## Problem details
Exact copy, pictures excluded: output the lines from the opening of the entries through the line bearing "Découvrez la beauté".

[Items from a dataset]
+++
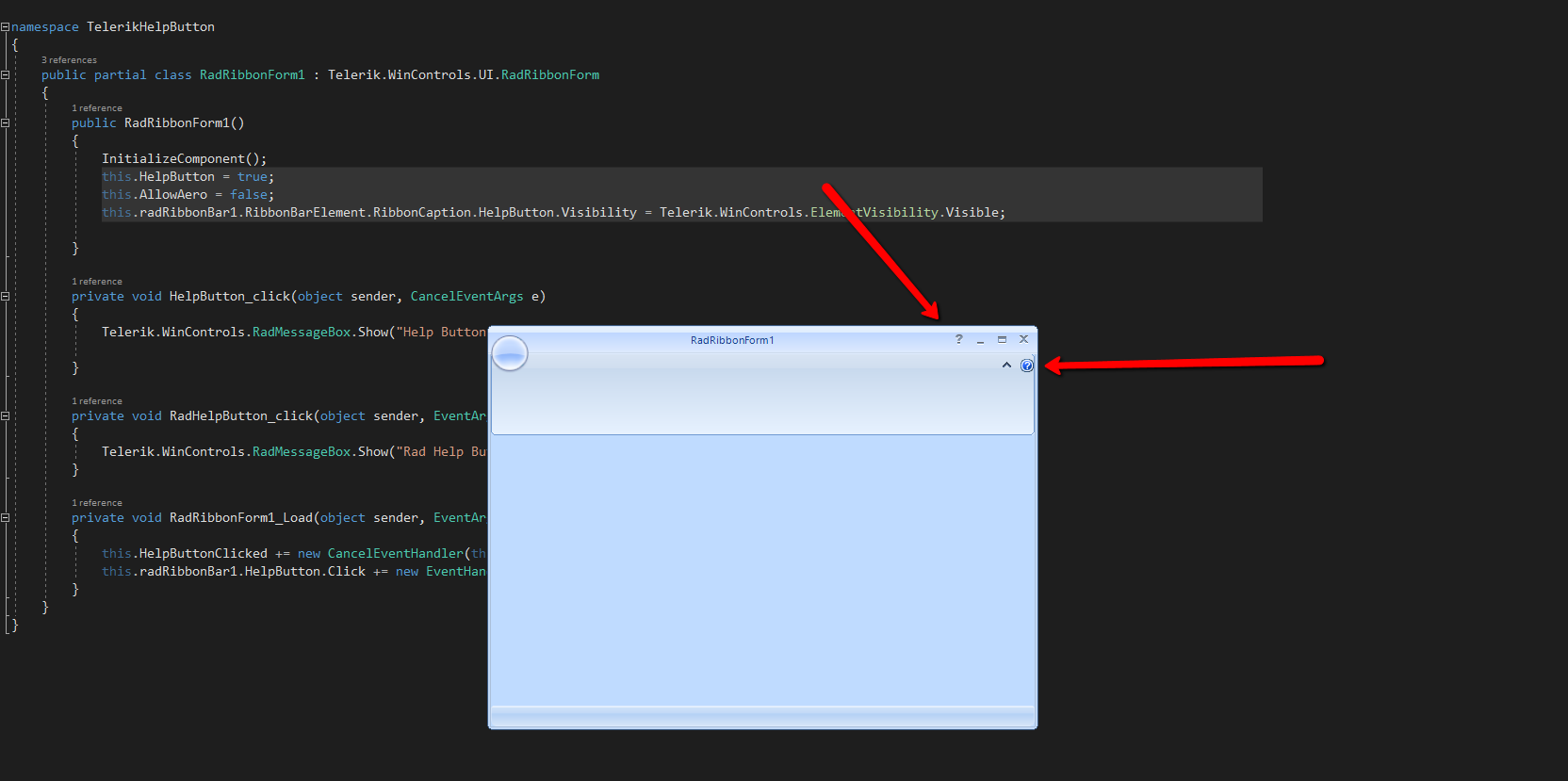 Private Sub FrmMain_Load(sender As Object, e As EventArgs) AddHandler RadRibbonBar1.HelpButton.Click, AddressOf RibbonBtn_Help_ClickEnd SubPrivate Sub RibbonBtn_Help_Click(sender As Object, e As EventArgs)'----Bla blaEnd Sub
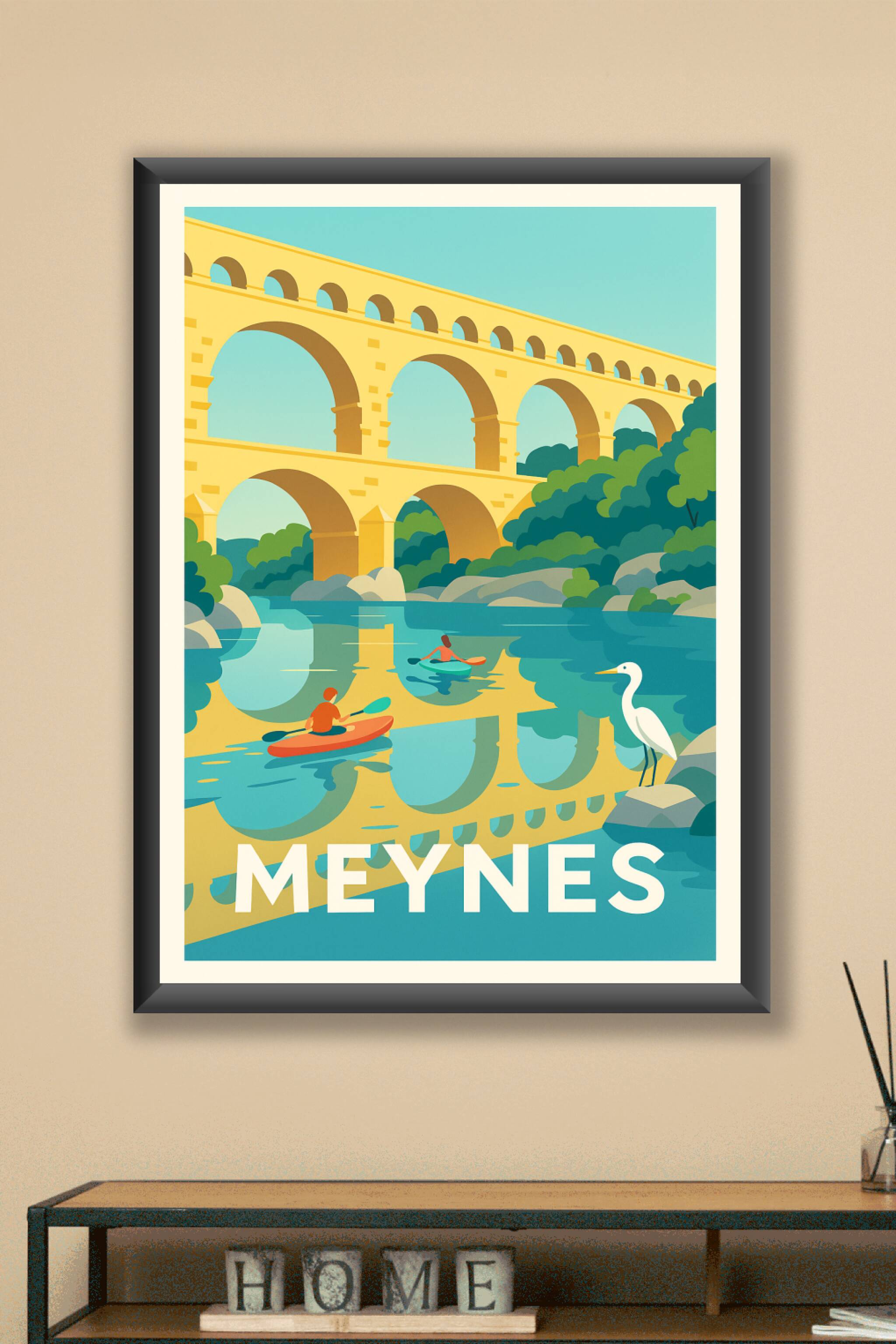 Découvrez la beauté paisible de Meynes avec cette affiche illustrée où le célèbre aqueduc se reflète dans une rivière calme, bercée par la présence de kayakistes et d'une élégante aigrette. Ce poster harmonieux capture l'essence d'une promenade en pleine nature, idéale pour apporter une touche de fraîcheur et de sérénité à votre décoration intérieure. Disponible en tirage "Fine Art" sur papier 305g coton de haute qualité, cette affiche est disponible en formats A1 à A4, avec ou sans cadre. Profitez de la finesse d'impression premium, 100% made in France, pour sublimer votre espace ou offrir un souvenir authentique de Meynes.
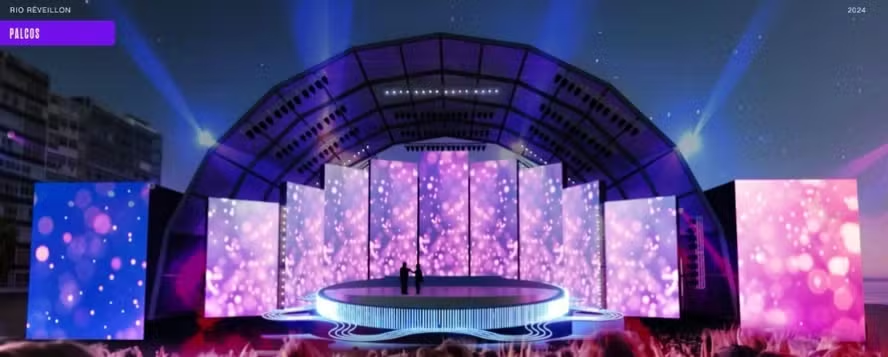 A festa em Copacabana vai contar com três palcos, são eles: palco Rio, palco Samba e palco Leme. Enquanto o palco Samba vai receber apenas artistas relacionados ao gênero, o palco Leme será exclusivamente de nomes da música Gospel. O maior palco, no entanto, será o “palco Rio”, que mesclará nomes do pop, do axé e da música eletrônica e será montado em frente ao hotel Copacabana Palace, no mesmo local onde foi montado o palco para o show de Madonna, em maio. Veja quais serão as atrações em cada um deles:
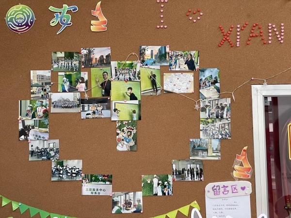 Photos of athletes, coaches, referees and reporters are showcased on the photo wall of the volunteer service center at the National Games Village for China's 14th National Games.
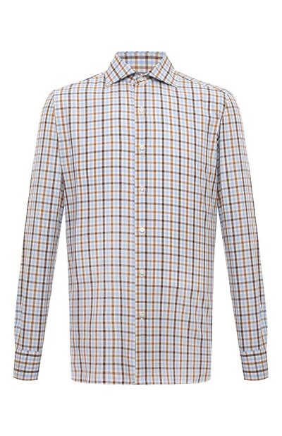 Рубашку в коричневую клетку сшили из мягкой хлопковой фланели. Легкий материал с ворсовой фактурой удерживает тепло лучше, чем вещи из гладких тканей, поэтому в модели будет комфортно в прохладную погоду. Изделие с длинными рукавами и воротником акула предлагаем сочетать со светлыми джинсами и высокими ботинками.
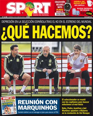 Каталонская газета "Sport" на обложку воскресного номера поместила фотографии задумчивых Касильяса, Хави и Дель Боске и подписала коллаж крупными буквами "Ну, что делать будем?", как бы намекая, что только совместными усилиями можно найти выход из кризиса. Весь первый разворот посвящен собранию тренерского штаба и капитанов, на котором были приняты важные тактические решения перед игрой с Чили. Какие – не поясняется, но Sport полагает, что состав испанцев будет значительно обновлен.
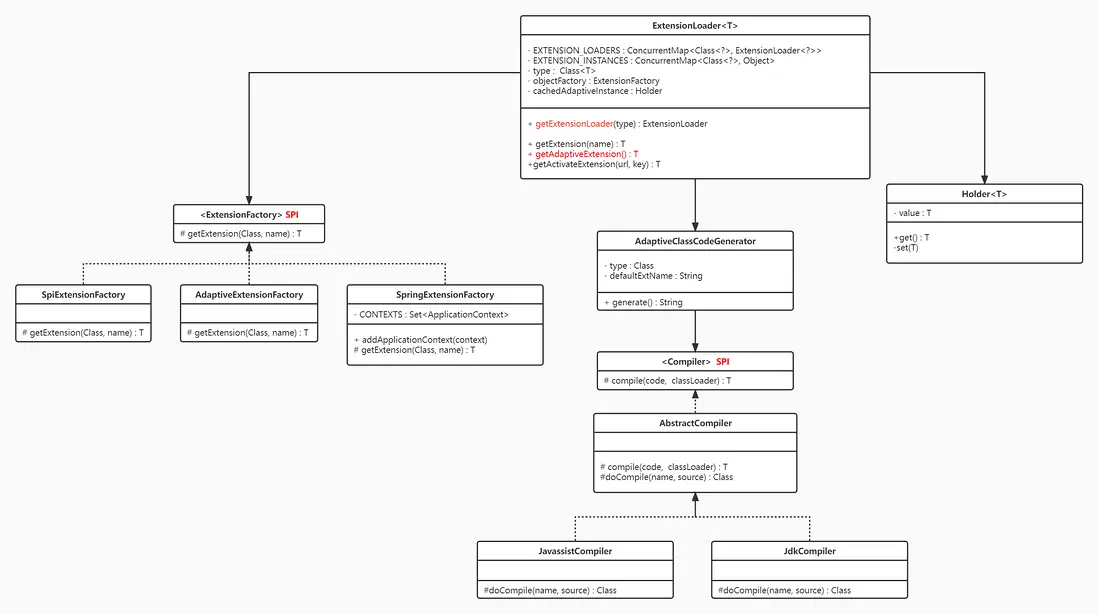 在介紹服務註冊發現之前,先簡單介紹一下貫穿整個Dubbo源碼,也是Dubbo實現自適應擴展的核心--SPI機制,下圖為Dubbo SPI實現的簡單類圖。
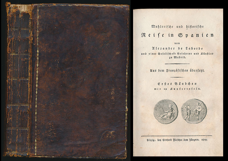 Laborde, Alexandre de: Mahlerische und historische Reise in Spanien. Aus dem Französischen übersetzt. Erstes Bändchen mit 29 Kupfertafeln. Leipzig, bey Gerhard Fleischer dem Jüngeren 1809. Klein-8°. 15 cm. XXXV, 210 Seiten. 26 Kupfertafeln. Ganzlederband der Zeit.
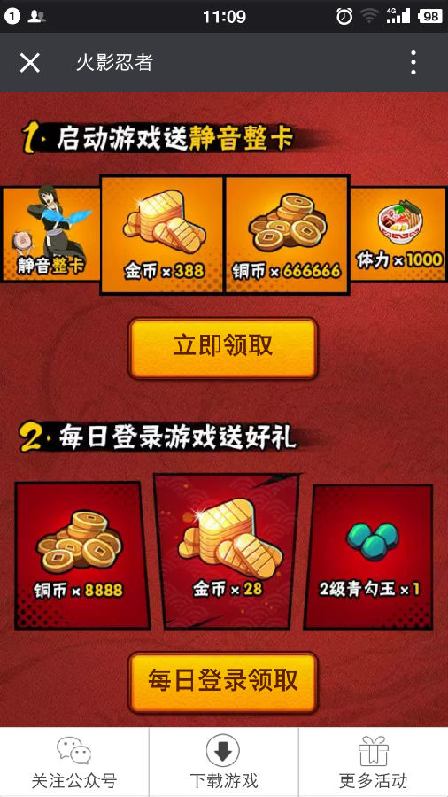 然而并不是所有玩家都有如此福利,送静音整卡和1000体力仅针对被被抽取为幸运玩家的忍者学员。不过也不要灰心,所有玩家都可以参与活动2,每日登陆领取铜币*8888,金币*28,2级青勾玉*1
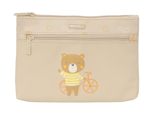 Safta Trousse préscolaire Ourson - Grande Trousse Scolaire Double Fermeture éclair, Trousse Enfant, Confortable et Polyvalente, Nettoyage Facile, 23 x 3 x 16 cm, Couleur Beige, Beige, Estándar,
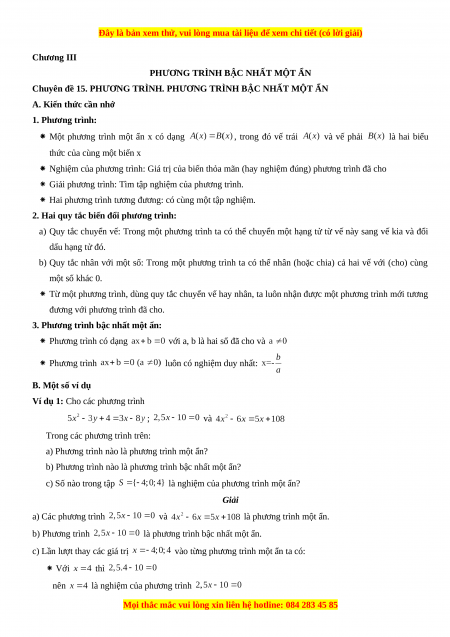 Chuyên đề 15. PHƯƠNG TRÌNH. PHƯƠNG TRÌNH BẬC NHẤT MỘT ẨN
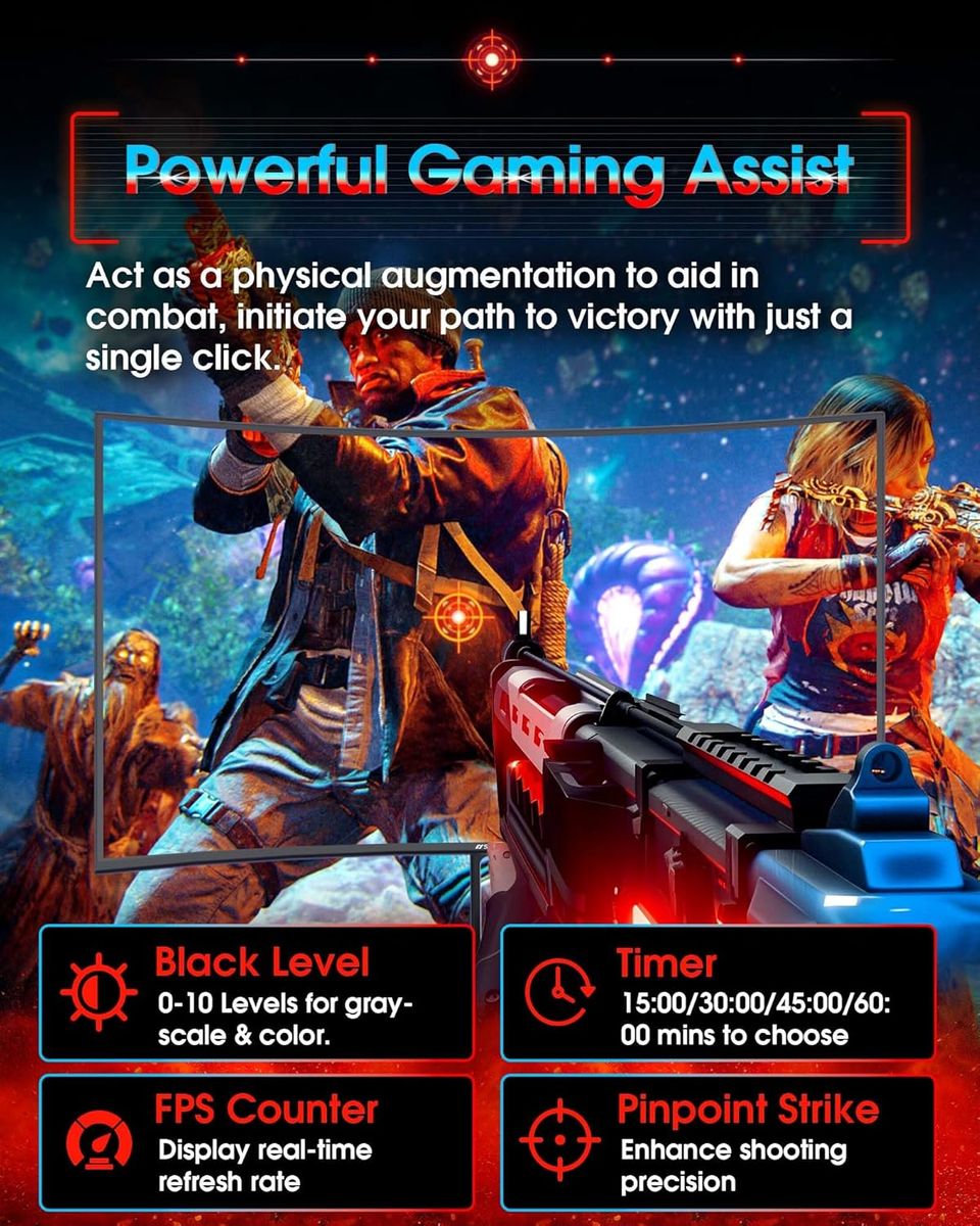 Prioritizes Gaming Performance: Up to 240Hz high refresh rate, more immersive 1500R Curvature, FreeSync, MPRT 1ms Response Time, Black Level adjustment(shadow booster), Game Modes Preset, Crosshair.
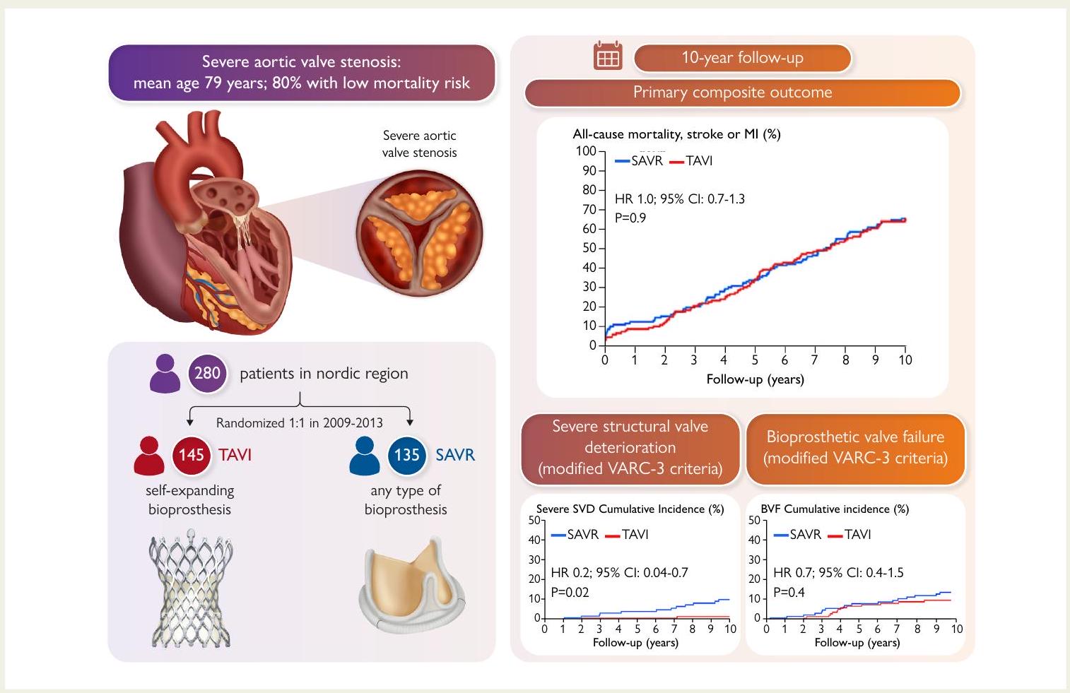Background and Transcatheter aortic valve implantation (TAVI) has become a viable treatment option for patients with severe aortic valve Aims stenosis across a broad range of surgical risk. The Nordic Aortic Valve Intervention (NOTION) trial was the first to randomize patients at lower surgical risk to TAVI or surgical aortic valve replacement (SAVR). The aim of the present study was to report clinical and bioprosthesis outcomes after 10 years.
+++
## Result
 Private Sub FrmMain_Load(sender As Object, e As EventArgs) AddHandler RadRibbonBar1.HelpButton.Click, AddressOf RibbonBtn_Help_ClickEnd SubPrivate Sub RibbonBtn_Help_Click(sender As Object, e As EventArgs)'----Bla blaEnd Sub
 Découvrez la beauté paisible de Meynes avec cette affiche illustrée où le célèbre aqueduc se reflète dans une rivière calme, bercée par la présence de kayakistes et d'une élégante aigrette. Ce poster harmonieux capture l'essence d'une promenade en pleine nature, idéale pour apporter une touche de fraîcheur et de sérénité à votre décoration intérieure. Disponible en tirage "Fine Art" sur papier 305g coton de haute qualité, cette affiche est disponible en formats A1 à A4, avec ou sans cadre. Profitez de la finesse d'impression premium, 100% made in France, pour sublimer votre espace ou offrir un souvenir authentique de Meynes.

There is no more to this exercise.